Gone Girl and The Homesman are under similar attacks for negative portrayals of women, never mind that they are full of diverse portrayals of every kind of woman. If this keeps up there will be no films with women in them at all, which is maybe the whole point?
The problem with adhering to a politically correct standard in art is that it greatly limits the array of characters and stories that can be told. If they aren’t “right” they get picked apart, chewed up and spit out. If they are “right” they are dismissed as being too politically correct. Someone should put out a handbook for filmmakers about what you can and what you can’t do or say. Me, I prefer there to be much much more stories out there of imperfect characters as long as they are well written.
Offensive portrayals of women, to me, are those that exist ONLY to prop up the male characters. Women who are only sex objects, designed for the pleasure of men and nothing more (a great send up of this trope in Blade Runner). But when you start to nitpick you eventually obliterate the diversity and freedom of storytelling and artistic expression. That’s a kind of fascism.

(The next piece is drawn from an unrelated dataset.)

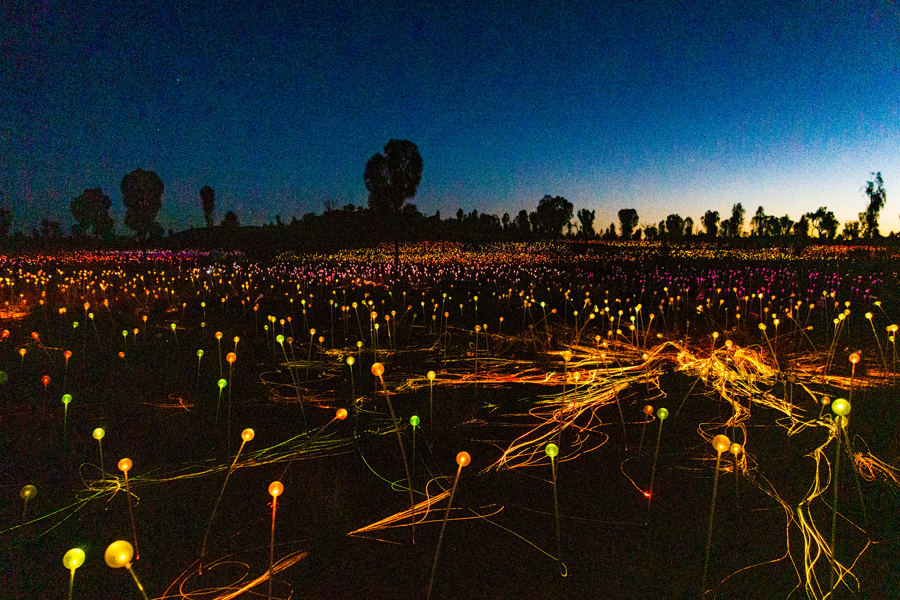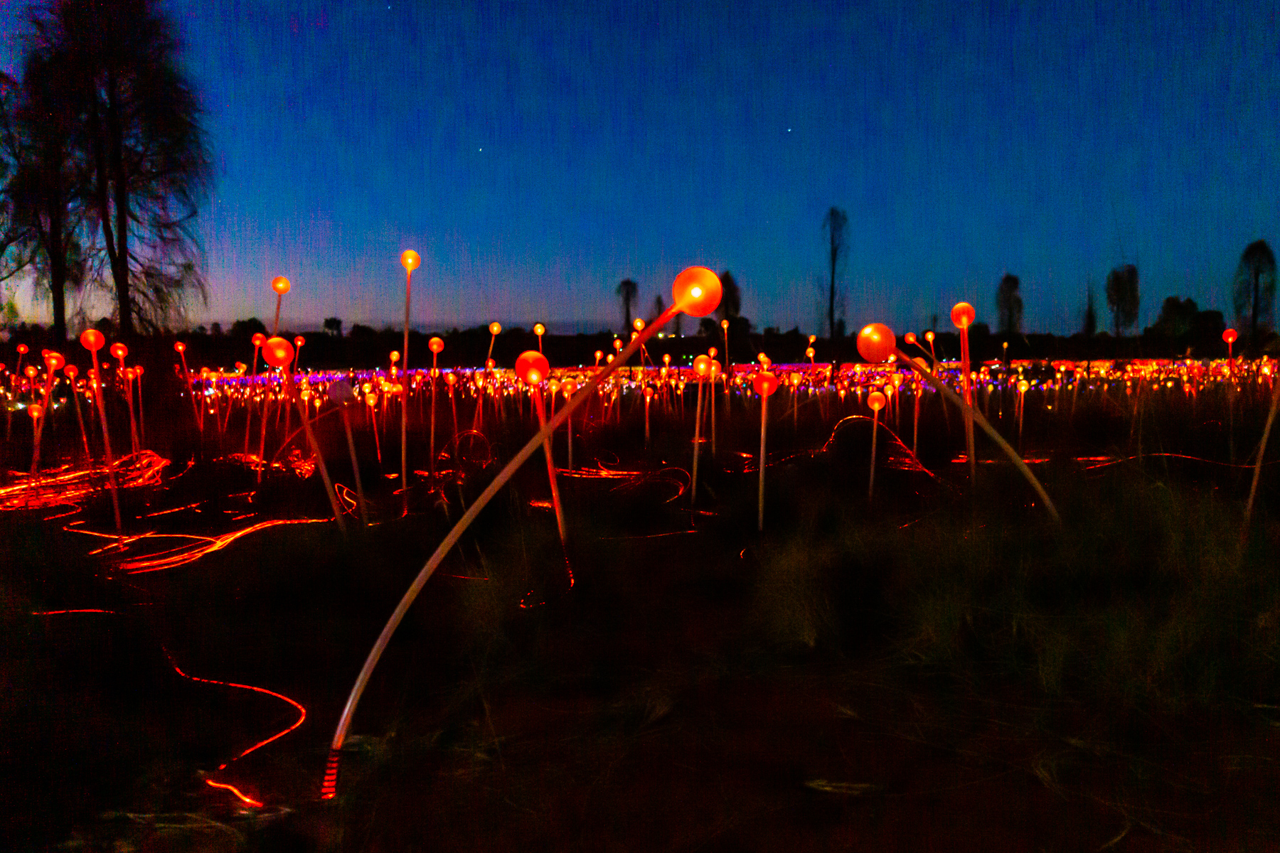 Our next activity was a visit to Tili Wiru Tjuta Nyakutjaku (“looking at lots of beautiful lights” in the local Pitjantjatjara language), an art installation by Bruce Munro that covers an area greater than seven football fields with an incredible display of lights.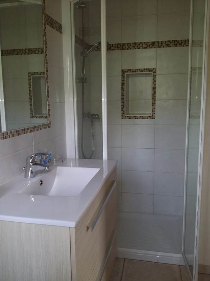 Salle de bain avec grande douche, séchoir à cheveux. WC indépendant.

Maybe the status quo wants what it wants and women need not apply. After all, only men write about the Oscars, apparently, those emotionless, rational creatures who never shoot up schools, murder their wives and girlfriends, have emotional breakdowns in public, start and perpetuate wars. But they don’t cry so that gets them off the hook for being untrustworthy.
Of the things that are wrong with Interstellar, it’s portrayal of women is not one of them, in my irrational, emotional, invisible opinion.